**YOUR INSTRUCTIONS**
Set every line of the data down again exactly, and keep the pictures out.

(Stored data entries)
──────────

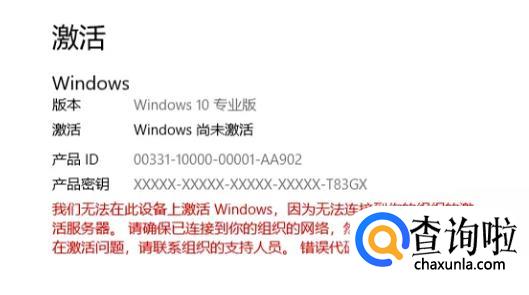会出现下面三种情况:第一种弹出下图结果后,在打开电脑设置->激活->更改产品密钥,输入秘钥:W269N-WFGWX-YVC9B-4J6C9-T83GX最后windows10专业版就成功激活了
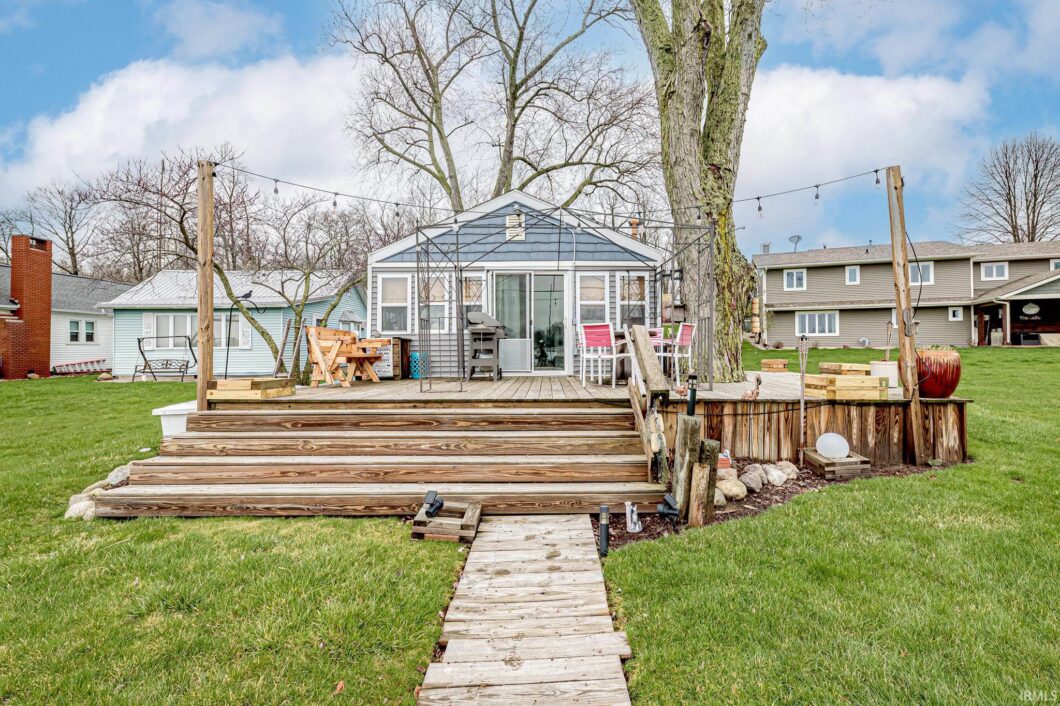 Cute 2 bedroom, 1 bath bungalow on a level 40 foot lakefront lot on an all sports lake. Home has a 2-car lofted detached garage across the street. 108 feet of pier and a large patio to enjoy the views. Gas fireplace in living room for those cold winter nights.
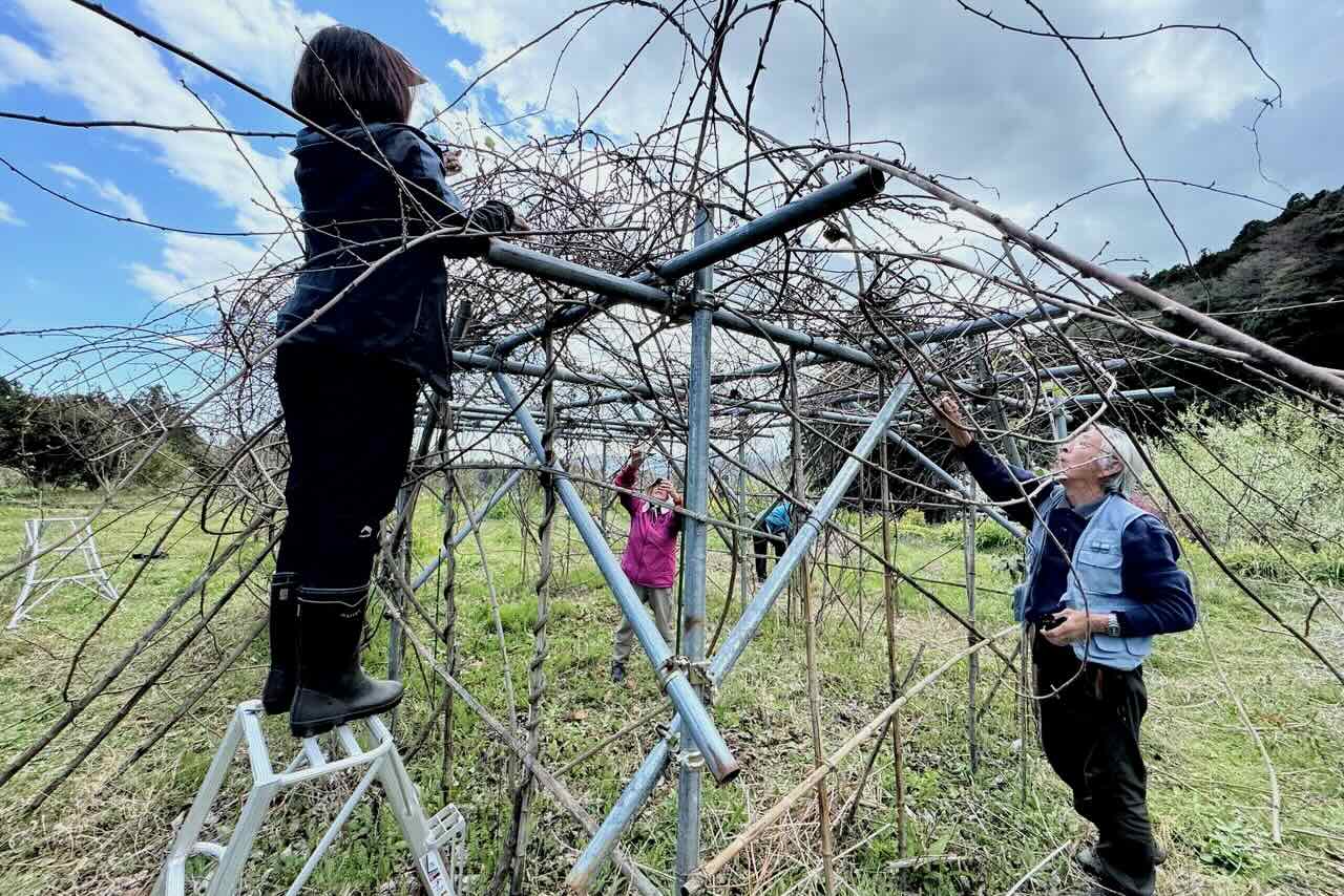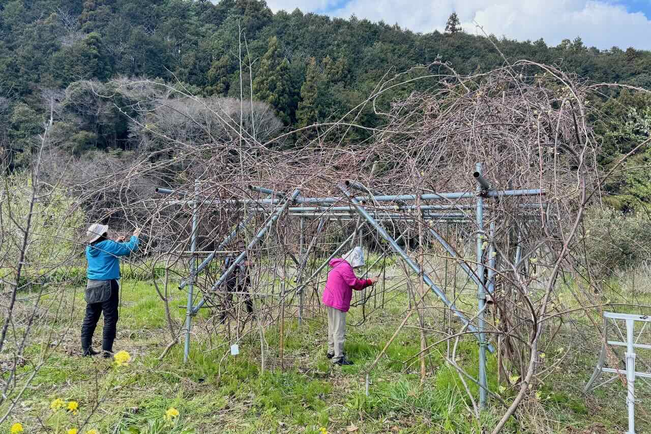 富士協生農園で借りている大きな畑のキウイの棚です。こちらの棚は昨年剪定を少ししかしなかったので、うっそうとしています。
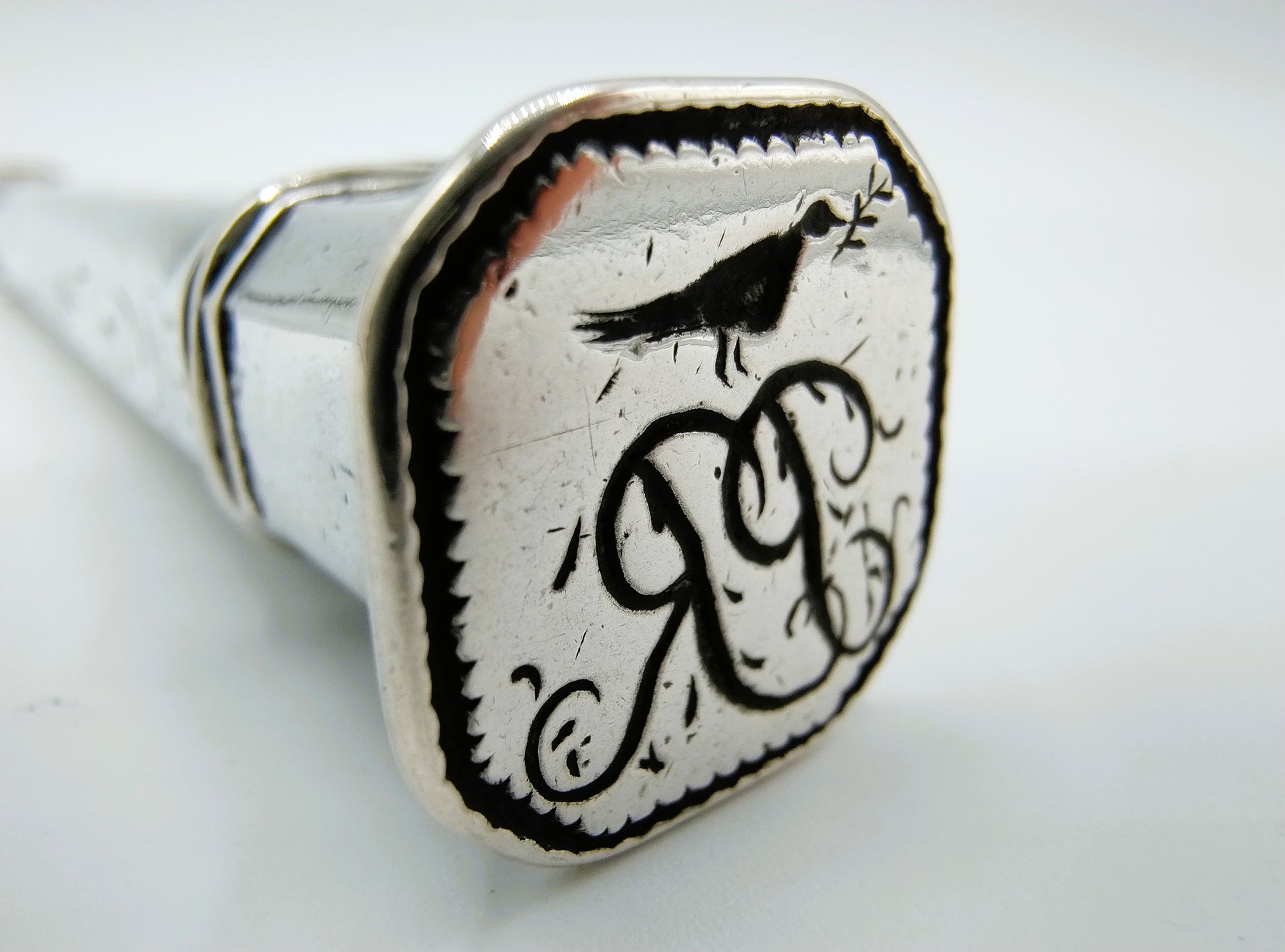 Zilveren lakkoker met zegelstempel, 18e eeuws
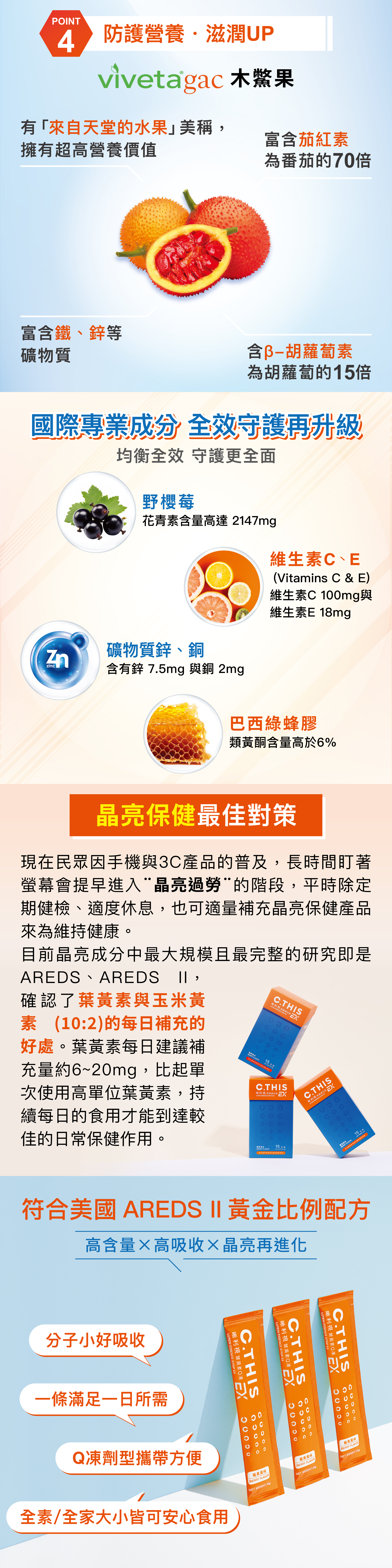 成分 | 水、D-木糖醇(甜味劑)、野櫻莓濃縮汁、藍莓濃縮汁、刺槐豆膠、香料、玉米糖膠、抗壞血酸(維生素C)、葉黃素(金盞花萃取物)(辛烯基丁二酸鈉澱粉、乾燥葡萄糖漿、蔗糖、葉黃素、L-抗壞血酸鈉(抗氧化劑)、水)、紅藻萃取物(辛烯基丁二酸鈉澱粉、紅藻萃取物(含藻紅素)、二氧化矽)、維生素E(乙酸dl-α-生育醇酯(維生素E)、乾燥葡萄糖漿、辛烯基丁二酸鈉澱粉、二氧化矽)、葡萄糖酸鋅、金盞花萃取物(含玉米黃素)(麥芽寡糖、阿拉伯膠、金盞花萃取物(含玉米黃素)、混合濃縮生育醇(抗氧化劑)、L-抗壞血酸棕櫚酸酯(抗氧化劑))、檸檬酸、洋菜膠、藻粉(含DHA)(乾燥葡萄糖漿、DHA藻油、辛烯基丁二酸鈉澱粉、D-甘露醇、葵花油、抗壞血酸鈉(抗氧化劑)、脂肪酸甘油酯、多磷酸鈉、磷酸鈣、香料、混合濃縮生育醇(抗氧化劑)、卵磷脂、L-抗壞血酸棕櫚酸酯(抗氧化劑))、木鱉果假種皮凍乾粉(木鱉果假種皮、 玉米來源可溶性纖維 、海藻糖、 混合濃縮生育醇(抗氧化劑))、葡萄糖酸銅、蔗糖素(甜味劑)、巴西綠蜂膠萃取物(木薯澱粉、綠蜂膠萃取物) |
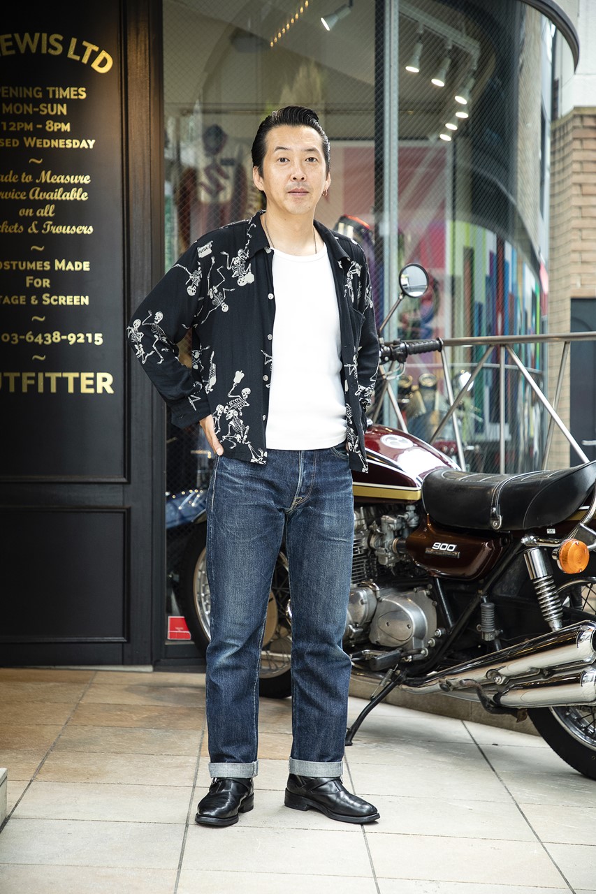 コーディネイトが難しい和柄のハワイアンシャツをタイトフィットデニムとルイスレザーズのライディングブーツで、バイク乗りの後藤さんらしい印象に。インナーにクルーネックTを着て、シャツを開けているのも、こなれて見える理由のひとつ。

──────────

**ANSWER**
会出现下面三种情况:第一种弹出下图结果后,在打开电脑设置->激活->更改产品密钥,输入秘钥:W269N-WFGWX-YVC9B-4J6C9-T83GX最后windows10专业版就成功激活了
 Cute 2 bedroom, 1 bath bungalow on a level 40 foot lakefront lot on an all sports lake. Home has a 2-car lofted detached garage across the street. 108 feet of pier and a large patio to enjoy the views. Gas fireplace in living room for those cold winter nights.
 富士協生農園で借りている大きな畑のキウイの棚です。こちらの棚は昨年剪定を少ししかしなかったので、うっそうとしています。
 Zilveren lakkoker met zegelstempel, 18e eeuws
 成分 | 水、D-木糖醇(甜味劑)、野櫻莓濃縮汁、藍莓濃縮汁、刺槐豆膠、香料、玉米糖膠、抗壞血酸(維生素C)、葉黃素(金盞花萃取物)(辛烯基丁二酸鈉澱粉、乾燥葡萄糖漿、蔗糖、葉黃素、L-抗壞血酸鈉(抗氧化劑)、水)、紅藻萃取物(辛烯基丁二酸鈉澱粉、紅藻萃取物(含藻紅素)、二氧化矽)、維生素E(乙酸dl-α-生育醇酯(維生素E)、乾燥葡萄糖漿、辛烯基丁二酸鈉澱粉、二氧化矽)、葡萄糖酸鋅、金盞花萃取物(含玉米黃素)(麥芽寡糖、阿拉伯膠、金盞花萃取物(含玉米黃素)、混合濃縮生育醇(抗氧化劑)、L-抗壞血酸棕櫚酸酯(抗氧化劑))、檸檬酸、洋菜膠、藻粉(含DHA)(乾燥葡萄糖漿、DHA藻油、辛烯基丁二酸鈉澱粉、D-甘露醇、葵花油、抗壞血酸鈉(抗氧化劑)、脂肪酸甘油酯、多磷酸鈉、磷酸鈣、香料、混合濃縮生育醇(抗氧化劑)、卵磷脂、L-抗壞血酸棕櫚酸酯(抗氧化劑))、木鱉果假種皮凍乾粉(木鱉果假種皮、 玉米來源可溶性纖維 、海藻糖、 混合濃縮生育醇(抗氧化劑))、葡萄糖酸銅、蔗糖素(甜味劑)、巴西綠蜂膠萃取物(木薯澱粉、綠蜂膠萃取物) |
 コーディネイトが難しい和柄のハワイアンシャツをタイトフィットデニムとルイスレザーズのライディングブーツで、バイク乗りの後藤さんらしい印象に。インナーにクルーネックTを着て、シャツを開けているのも、こなれて見える理由のひとつ。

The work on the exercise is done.